Half Term is nearly complete and it has been very hard work for both me and my 9 year old Daughter, diagnosed 26/8/09.
High, High, High all week for no apparent reason. Her stress levels have reached boiling point and I have watched her turn from Dr Jekyl into Mr Hyde within seconds.
I usually cope but have to admit that there are still many occasions where it drains me. I do everything for my Daughter, assisting with testing, weighing food (Carb counting) and then injecting because my husband works full time and it has always been easier for me to look after her.
My Husband has had a diabetic in his life before, his first wife was type one and she drove him mad with her mood swings etc. Because of this, he thinks that he is an expert on diabetes and thinks that they can be manipulative and use there illness to purposely wind people up to get there own way.
I tell him that our Daughter has been playing me up because of her high sugar levels and he says that thats what diabetics do, manipulate the system so they can get away with more that usual. I have told him that this is rubbish and that our daughter is far too young to even think of using her illness to wind me up and she can not understand why her body is doing this to her. One minute she will be lovely, the next she is throwing things at me and hitting me. I just wondered what who was right, me or my Husband.


----------



## Northerner (Feb 18, 2012)

I do think it is very unfair to suggest that your daughter is being manipulative. I'd only agree with that if her levels were nice and steady and mostly within range and she was playing up. Even then, it must be very hard for someone so young to have all this constant attention and possibly fears for her future, so I do think that would be a consideration too. You can't really compare one person's actions to another's as we are all different. Having diabetes in common doesn't mean that a person's reactions and behaviour will be identical, or even similar. 
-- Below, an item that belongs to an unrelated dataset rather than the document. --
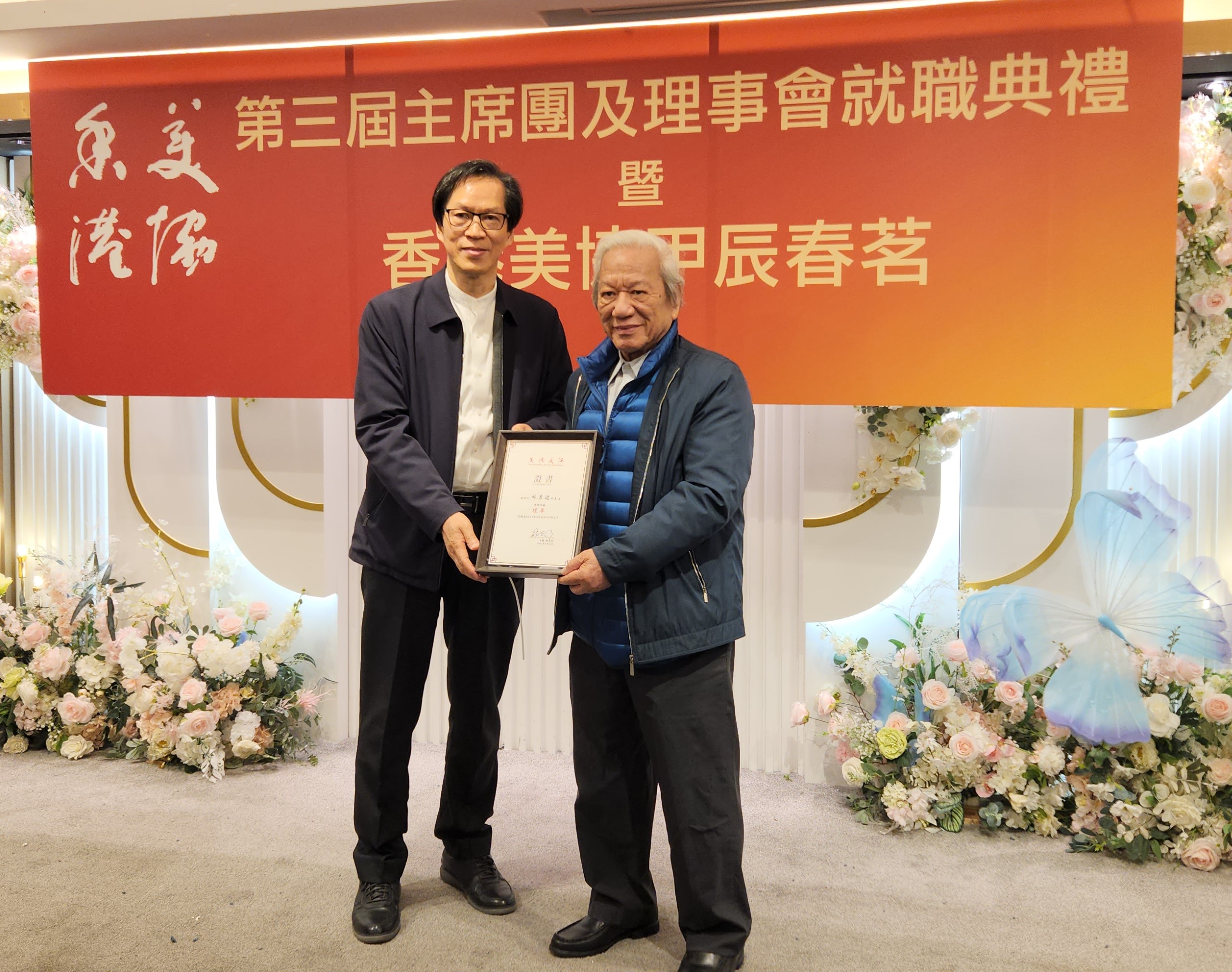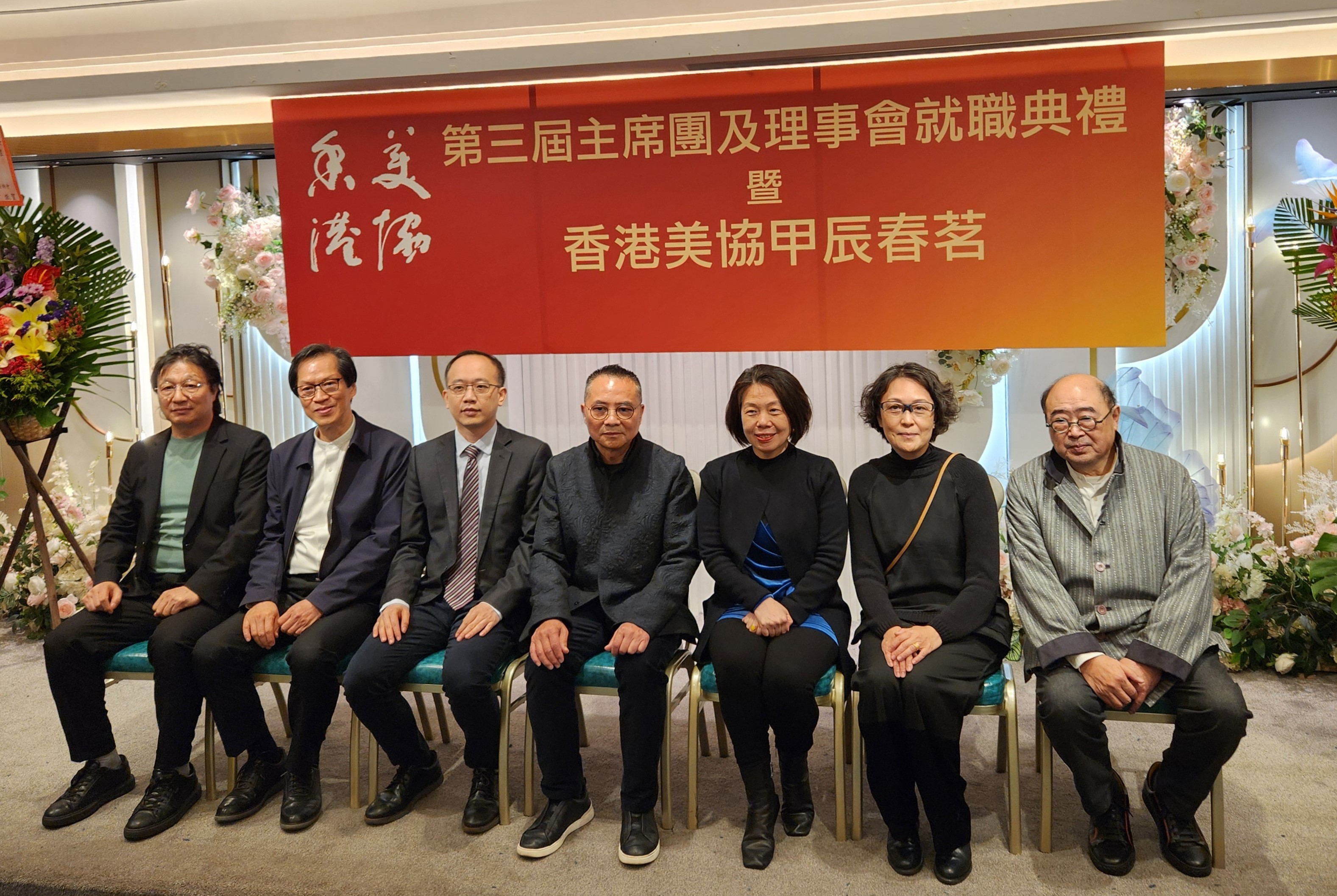 香港美協昨日(10日)於銅鑼灣皇室堡舉行第三屆主席團及理事就職典禮暨甲辰春茗,新一屆主席由著名水墨畫家林天行就任。春茗舉行前,協會召開第三屆香港美協理事會以及會員大會。
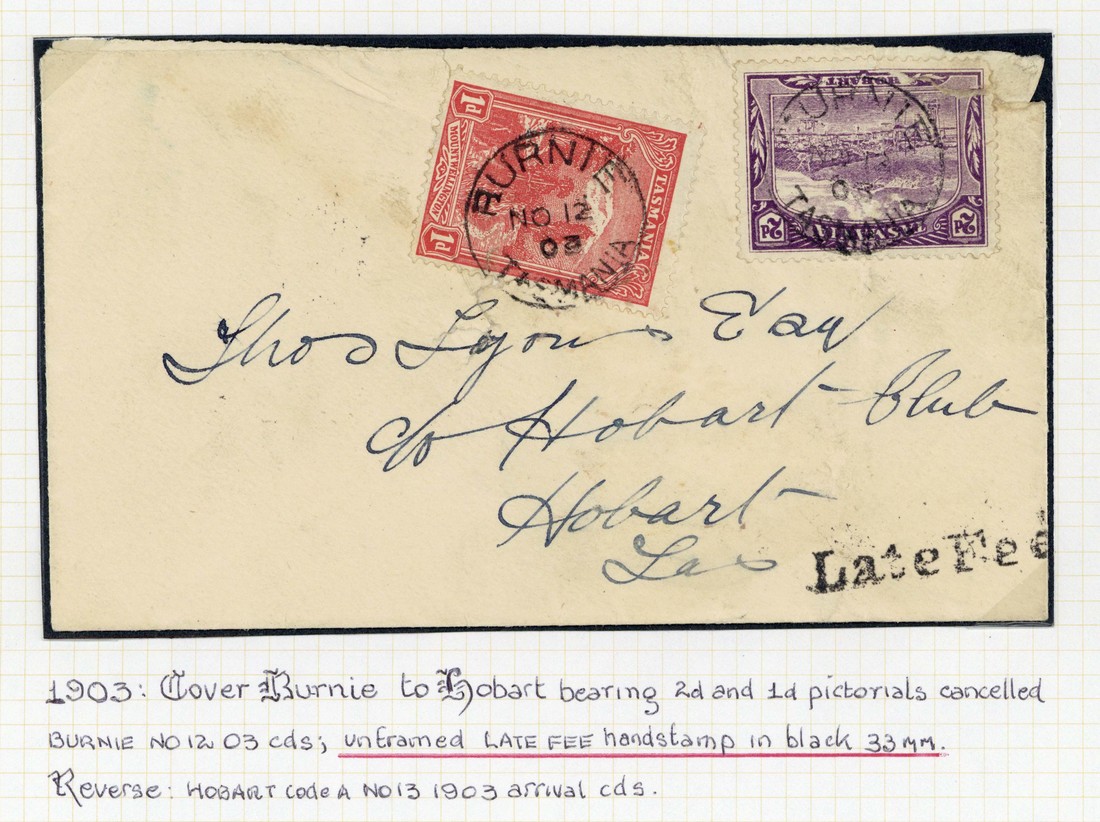 1903 (12 Nov.) envelope (spiked and with corner fault) from Burnie to Hobart, bearing Pictorial 1d. and 2d. (defective) and showing fine "Late Fee" h.s.; 1904 (9 Feb.) envelope (spiked) from Burnie to Hobart, bearing Pictorial 1d. and 2d. and showing manuscript "Late Fee"; also Commonwealth piece bearing KGV 1d. pair on piece cancelled by framed "late fee"

It sounds like you are doing the very best you can for your daughter and I would venture to say that accusing her of using her illness to get away with bad behaviour is just going to confuse her more and make her feel guilty and hateful of her diabetes.
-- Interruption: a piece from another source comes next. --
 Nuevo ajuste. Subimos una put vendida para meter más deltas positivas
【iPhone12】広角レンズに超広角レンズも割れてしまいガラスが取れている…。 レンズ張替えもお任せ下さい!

Apologies if that all sounds a bit strong, I couldn't think of a better way to phrase things!


----------



## margie (Feb 18, 2012)

None of us can say for sure whether your daughter is trying to manipulate you or not. We don't have enough knowledge.

It is, however, unfair to say that all diabetics act in a certain way. That has come from your  husband's past experiences. Could you both talk to your daughters consultant or DSN about what is happening - they may be able to convince your husband that not all diabetics manipulate. You know the reason he leaves dealing with your daughters diabetes to you is that he may not have dealt with all the issues in his earlier relationship. I don't know this - just a guess on my part and may be way off base.
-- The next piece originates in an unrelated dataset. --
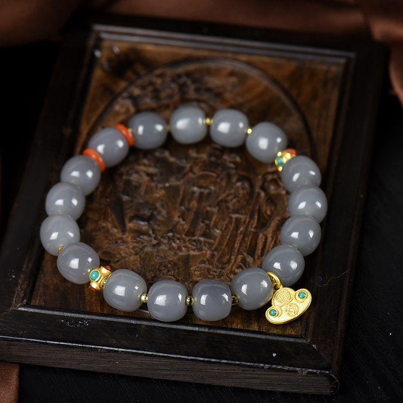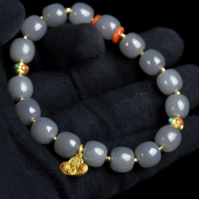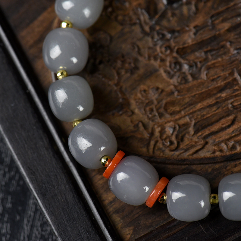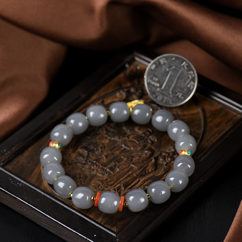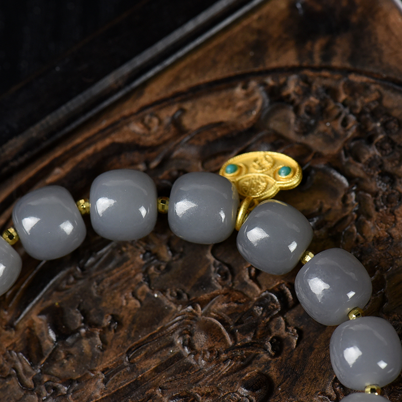 • [名  称] 山料和田烟青玉老形珠单圈手串

If your daughter is not manipulating things then it will be incredibly difficult for her to hear her father say such things and it may even sow seeds in her mind.

I hope that you can find some help and that maybe one of the parents will chime in with some helpful advice.


----------



## MeanMom (Feb 18, 2012)

Hi Jaqueline

Im sorry you have had such a difficult half term- I think I can imagine what it has been like, unfortunately. 

I would doubt very much if your daughter is acting like this on purpose but only you know your daughter. If you can manage to sort out her high levels a bit more I would think her behaviour would improve - I know my daughter can feel very tired and irritable when high. 

When you say she has had unexpected highs perhaps she has been growing in which case she would need more insulin, or if her activity levels have been lower over half term? 

I would suggest you try and involve her Dad a bit more, I know you say he 
works, but so does my OH, but they need to know how to do it in case you arent able to for any reason. My OH does K's breakfast every school day as he is a 'Morning person' and I'm not- it also gives them 'bonding time' - is there a meal during the week your hubby can take over? 

Will your daughter inject herself at all? My daughter was Dx aged 11 so I know it is different, but she has always injected herself - if you can get your daughter to start learning to do this you might be able to stop going to school at lunch time - she will probably need to inject herself when she gets to high school. 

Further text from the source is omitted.